Commty Mntl Hlth Ctr v. Social Sec Admin
Commty Mntl Hlth Ctr v. Social Sec Admin
Opinion
United States Court of Appeals Fifth Circuit F I L E D February 17, 2004 UNITED STATES COURT OF APPEALS FOR THE FIFTH CIRCUIT Charles R. Fulbruge III Clerk __________________ No. 03-30294 __________________ COMMUNITY MENTAL HEALTH CENTER OF ALEXANDRIA; COMMUNITY MENTAL HEALTH CENTER OF MONROE; COMMUNITY MENTAL HEALTH CENTER OF BATON ROUGE Plaintiffs-Appellants, versus SOCIAL SECURITY ADMINISTRATION, Defendant-Appellee.
_________________________ Appeal from the United States District Court for the Eastern District of Louisiana (01-CV-1791-A) _________________________
Before EMILIO M. GARZA, DeMOSS and CLEMENT, Circuit Judges.
PER CURIAM:* Three Community Mental Health Centers (“CMHCs”) applied for participation in the Medicare program in late 1995 and early 1996. On their application, the CMHCs requested that the Center for Medicare and Medicaid Services (“CMS”) classify them as “provider-based” participants
* Pursuant to 5TH CIR. R. 47.5, the Court has determined that this opinion should not be published and is not precedent except under the limited circumstances set forth in 5TH CIR. R. 47.5.4. for reimbursement purposes. The CMS mistakenly classified the CMHCs as “free standing” participants. The error was later corrected, but the CMS refused to apply the correction retroactively.
The CMHCs appealed to the Department of Health and Human Services Departmental Appeals Board (“DAB”). The DAB dismissed the appeal for lack of jurisdiction on the grounds that the dispute did not involve an appealable “initial determination” pursuant to 42 C.F.R. § 498.3. The DAB Appellate Division and the District Court for the Eastern District of Louisiana affirmed. The CMHCs timely appealed to this Court.
The CMHCs first contend that the CMS’s mistaken classification of the CMHCs as “free standing” Medicare participants was an appealable “initial determination.” The classification of the CMHCs as “free standing” only affected the CMHCs’ eligibility for Medicare reimbursements. At the time of the CMHCs’ claim, the Medicare regulations did not enumerate reimbursement classification disputes as appealable “initial determinations.” The classification of the CMHCs as “free standing” Medicare participants was thus not an appealable “initial determination.”
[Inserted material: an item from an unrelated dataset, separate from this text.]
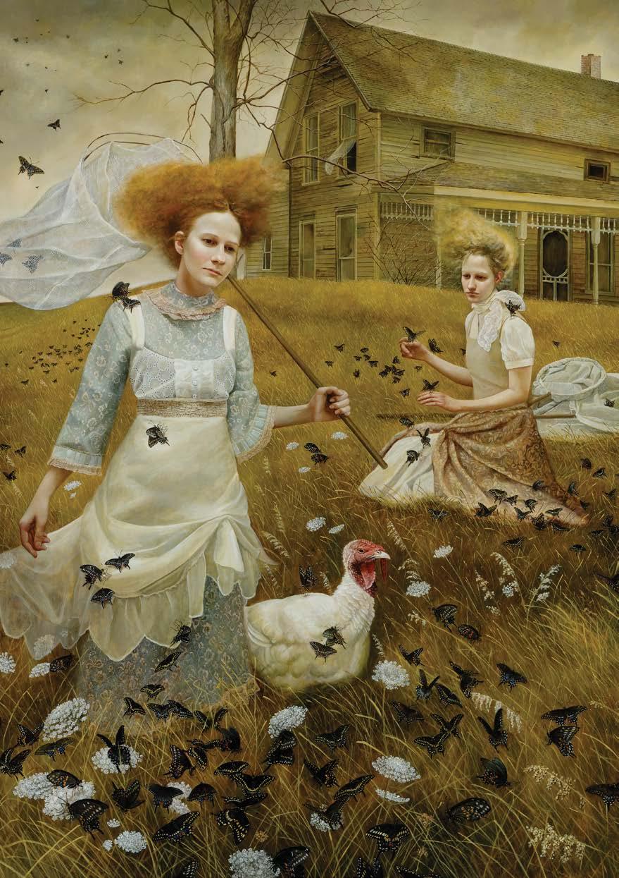 Using timeless imagery of powerful women, sprawling country and scenes of magical surrealism that evoke not-so-distant times and places, Andrea Kowch has risen to be one of the leading figurative realists working today. The Michigan artist is a powerhouse of a painter who is comfortable working large and with complex compositions, and yet her work is also delicate, sensitive and willing to carefully embrace her audience with empathy and compassion. Here in these pages, viewers can step into Kowch’s world to meet her strong-willed subjects, live in her gorgeous settings and explore her powerful themes of love, womanhood, strength and independence.

The CMHCs further assert that their procedural due process rights were violated because the DAB dismissed the case without considering an outcome-determinative issue. The CMHCs argue that the DAB should have considered whether the CMHCs’ application had been unilaterally altered by the CMS. Because this issue was wholly irrelevant to the DAB’s jurisdictional analysis, the DAB did not fail to consider an outcome-determinative issue.
The CMHCs finally argue that the DAB’s denial of jurisdiction was arbitrary and capricious since the DAB had previously exerted jurisdiction over two reimbursement classification disputes.
See Memorial Hosp. at Easton v. CMS, DAB CR 634, 1999 WL 1292903 (H.H.S. Dec. 16, 1999); Johns Hopkins Health Sys. v. CMS, DAB CR 598, 1999 WL 596463 (H.H.S. June 7, 1999). In those two cases, the DAB emphasized that parties on both sides had requested DAB review. In the matter sub judice, however, the CMS did not seek DAB review. The DAB’s denial of jurisdiction over the CMHCs’ dispute was not arbitrary and capricious because it did not contravene its earlier rulings.
For these reasons, the judgment of the district court is hereby AFFIRMED.